Only later did I wonder: How did she know?
“I’ll go first,” Rob said.
Before either of us could speak, he backed up and hurtled himself over the gap and down. We heard him land, but for a second, both of us were afraid to look. Then we heard a yell: “It’s good! The wind’s behind you and the drop helps.”
The waves were thrashing the shore now. His voice was almost lost.
Juliet turned to me. “I do
n’t want to leave you alone,” she whispered.
I could barely hear her over my thumping heart. What the hell were we doing?
“I know you think that I don’t give a damn if I live or die,” she added. “And maybe I don’t. But I would never, not ever, willingly hurt you.” She hugged me briefly. “So you go ahead, Bear.”
The moon burst from behind a mound of cloud and I didn’t give myself time to think. It’s just a jump, I said to myself. Then I was in the air, my back arched, my body poised to drop and barrel-roll. As I did, I expelled the air from my lungs.
My eyes bulged as Juliet landed, softly as a gull, several feet past me.
Parkour is not competitive. I would have been jealous otherwise. On the other hand, Juliet had saved me and bested me. I was jealous.
“Down,” she said.
We lined up at the edge. I could feel my heart pounding again. We would need to drop and hang from the edge of the roof and then swing, building up enough momentum to let go with one arm and grab the rail of the balcony below, about five feet to the right. After that, we’d grab the railing with our other hand and “muscle up” onto the balcony before the next drop—to another balcony, about five feet to the left.
The balcony of the penthouse apartment was long, with room to spare for the three of us.
Rob swung down first. But he shook his head in the shadows.
“It’s harder than it looks,” he hissed. “I can give you a hand.” Obviously, Juliet wouldn’t allow that.
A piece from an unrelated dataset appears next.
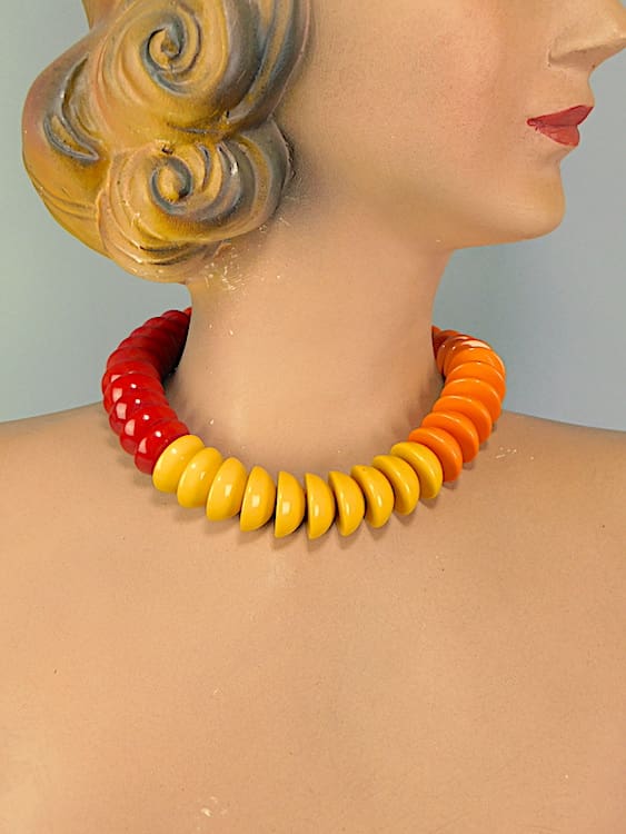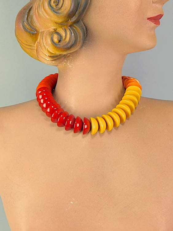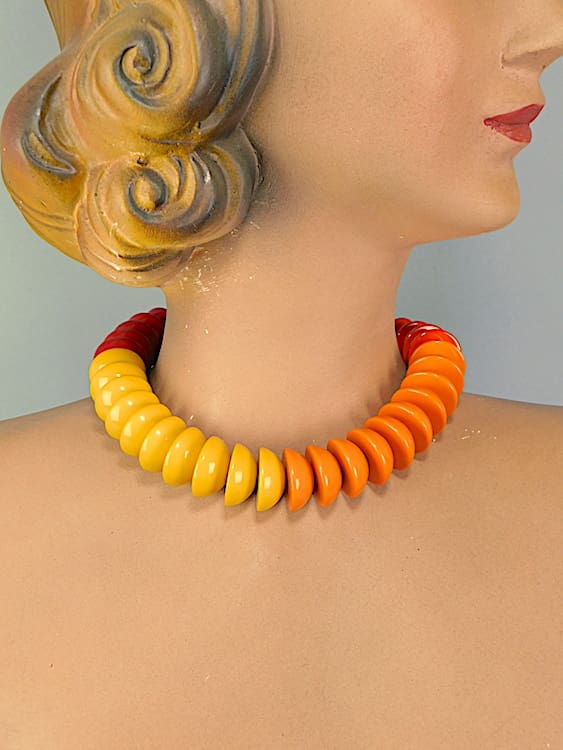 Vintage orange, yellow and red galalith half ball choker necklace. Strung on elastic, it can be moved around the neck to show whatever colour you choose. Will fit over most head sizes as it is elasticated.

Her biceps were like little apples under her jersey. She copied his exact moves and scrambled up the railing onto the balcony beside him. When my turn came, I gave myself a boost by taking a few steps and swinging myself two-handed. I’d planned to grab the railing of the balcony with my free hand and pull up, but I ended up hurtling myself over the rail and into my friends’ arms.
At that moment, the sky above the lake split open.
Two crippled fingers of lightning reached down for the black water. Only a few seconds passed before a deafening thunderclap. The air sizzled with the smell of sulfur. I winced. That stink is probably why the ancients believed lightning and thunder were harbingers of all things demonic. Why not? My idea of Hell could easily include being exposed on a balcony as a Lake Superior tsunami kicks in.